Task item
Only the lines from the one containing "Classic design ceramic" through the end of the listing belong in the answer, repeated exactly, with no pictures.

Supplied material
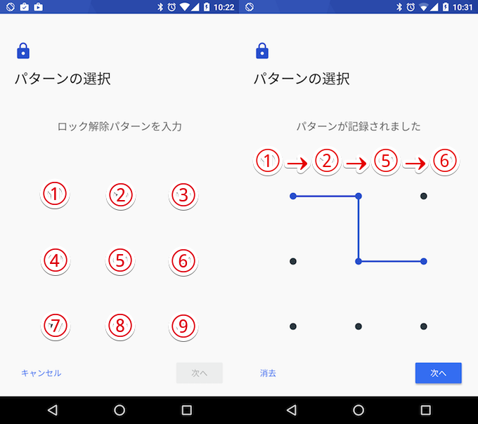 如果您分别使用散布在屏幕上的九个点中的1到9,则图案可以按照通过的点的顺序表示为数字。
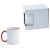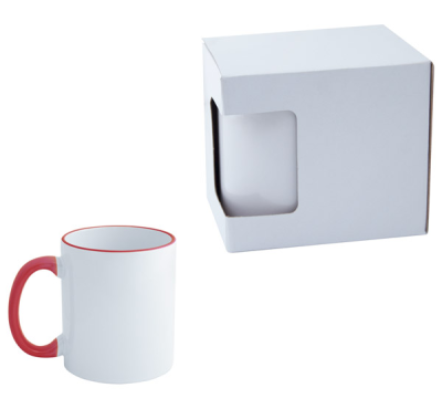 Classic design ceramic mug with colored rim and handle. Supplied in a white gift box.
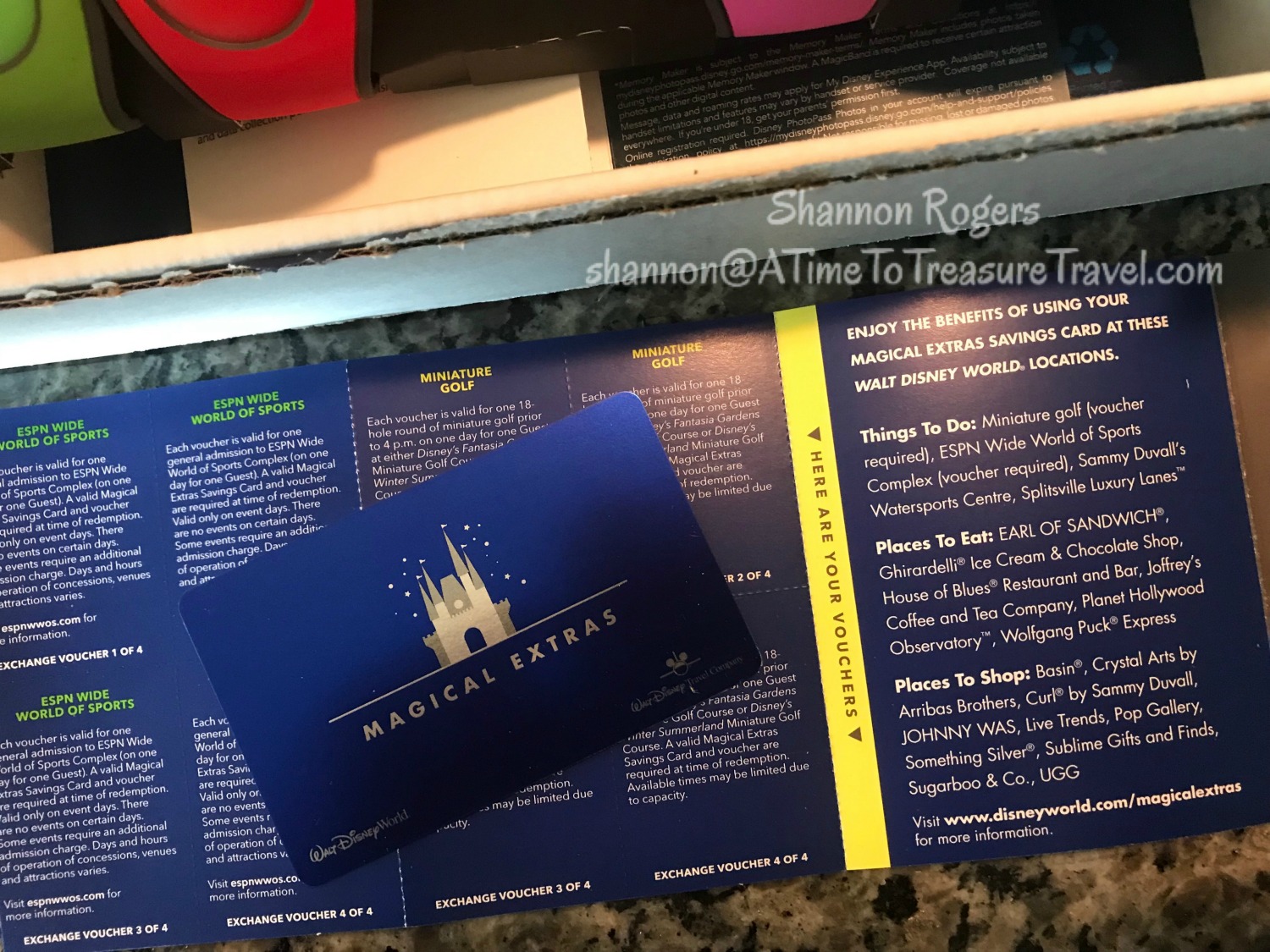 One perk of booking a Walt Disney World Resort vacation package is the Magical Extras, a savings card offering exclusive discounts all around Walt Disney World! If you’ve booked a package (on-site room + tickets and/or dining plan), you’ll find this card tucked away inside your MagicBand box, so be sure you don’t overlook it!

Output for this exercise
 Classic design ceramic mug with colored rim and handle. Supplied in a white gift box.
 One perk of booking a Walt Disney World Resort vacation package is the Magical Extras, a savings card offering exclusive discounts all around Walt Disney World! If you’ve booked a package (on-site room + tickets and/or dining plan), you’ll find this card tucked away inside your MagicBand box, so be sure you don’t overlook it!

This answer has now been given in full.